John Dos Passos, né en 1896 à Chicago dans une famille aisée, publie Manhattan Transfer en 1925 avec un vif succès, alors qu’il connaît déjà une certaine notoriété après plusieurs romans, en particulier Trois Soldats (Le Castor astral, 2018), qui présentait la machine militaire sous un jour brutal — lui-même s’était engagé comme ambulancier pendant la Grande Guerre. Il est cultivé, éduqué, il a fait tout jeune le « Grand Tour » en Europe : pour l’heure, il est fortement attiré par le communisme, dont il s’éloignera une dizaine d’années plus tard.

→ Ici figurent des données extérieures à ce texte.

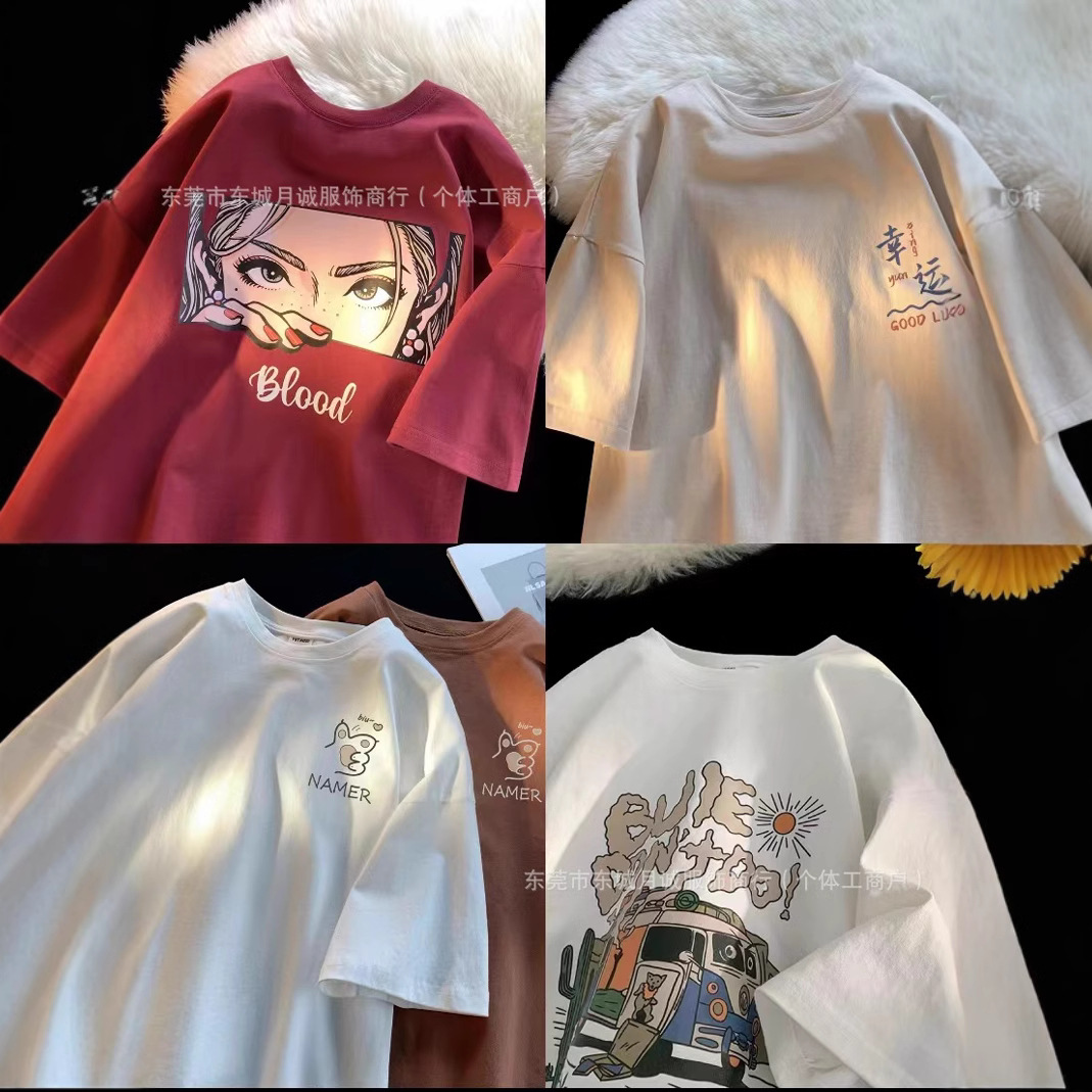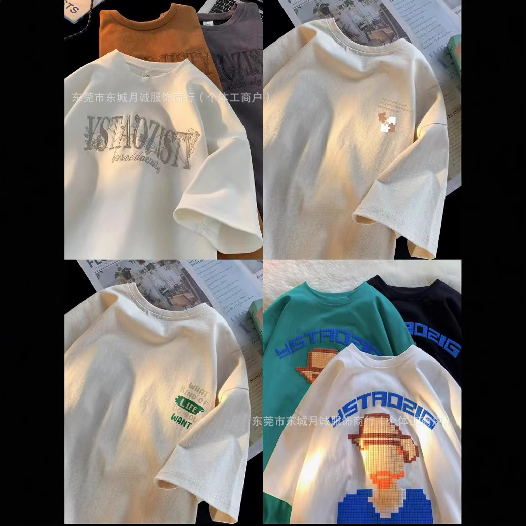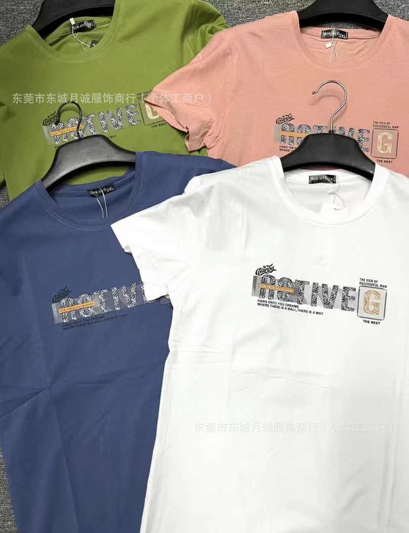 1元服装短袖男士夏季新款男装圆领印花t恤棉耐磨直筒型流行短袖男

Bientôt il écrira une pièce consacrée à ce qu’on appellera l’« affaire Sacco et Vanzetti », et en 1930 il publiera Le 42e Parallèle, le premier volume de sa trilogie U.S.A. Qui prolonge, sans nécessairement l’éclipser, l’étonnant Manhattan Transfer.
Trente ans de vies multiples à Manhattan, au cœur de New York, « la ville où chacun a sa chance », horrible, violente, classe contre classe, sans merci : de Battery Park face à Ellis Island, la frontière de l’eldorado pour les misérables qui arrivent du monde entier à la poursuite du rêve américain, du vacarme du Lower East Side, de sa puanteur, ses asiles de nuit, ses rades minables où les femmes dansent pour un ticket de quelques cents, au luxe paisible de Washington Square et ses restaurants hors de prix pour noceurs parvenus, Manhattan où d’innombrables destins se heurtent, se mêlent et se perdent dans le tumulte… Avec un récit ni linéaire ni chronologique, Dos Passos témoigne d’une hardiesse à la mesure de son ambition, puisqu’il entreprend de « totaliser » la réalité d’une ville, dans cette succession de moments d’existences et de voix intérieures. Ses descriptions, qu’il s’agisse d’un paysage ou d’un personnage, sont brèves, tranchantes, inoubliables à la manière des plans dans les films de Sergueï Eisenstein, qu’il admirait. Pas de commentaires, pas de considérations psychologiques, mais un montage précis de fragments concrets. Qui disent l’essentiel. Silhouettes fugaces comme on en croise dans la rue ou personnages que l’on retrouve au fil du temps, de l’attentat de Sarajevo à la Prohibition des Roaring Twenties (les « années rugissantes »), ils sont plus de cinquante à être dotés d’un nom ; une dizaine se détachent. Ceux qui échouent, comme Bud le jeune hobo sautant du pont de Brooklyn, Joseph Harland ex-« sorcier de Wall Street » devenu clochard alcoolique, le brillant Stan Emery, qui brûle vif dans une cuite sans fin… Et ceux qui réussissent, comme le laitier Gus McNeil devenu richissime affairiste, Congo le mataf devenu millionnaire, l’avocat tricheur George Baldwin qui se lance en politique… À quel prix s’en sort-on, lorsque l’obsession de l’argent prend la place de tous les rêves ? Ellen Thatcher, jeune actrice prometteuse et douée, renonce au théâtre, renonce à Jimmy Herf qu’elle aime pour le puissant Baldwin qu’elle n’aime pas. Herf, né riche, rêve d’autre chose que d’argent et de sécurité, même s’il ne sait pas au juste de quoi il rêve. À la fin du roman, il s’en va. En stop. Un camion s’arrête. Le chauffeur lui demande « Vous allez loin ? — Sais pas… Assez loin, oui. »
Jean-Paul Sartre disait de Dos Passos qu’il était le plus grand romancier de son temps. On l’avait passablement oublié. Il est à espérer qu’à la faveur de cette nouvelle traduction, due à Philippe Jaworski, on le « redécouvre ». Dans sa vitalité et sa modernité.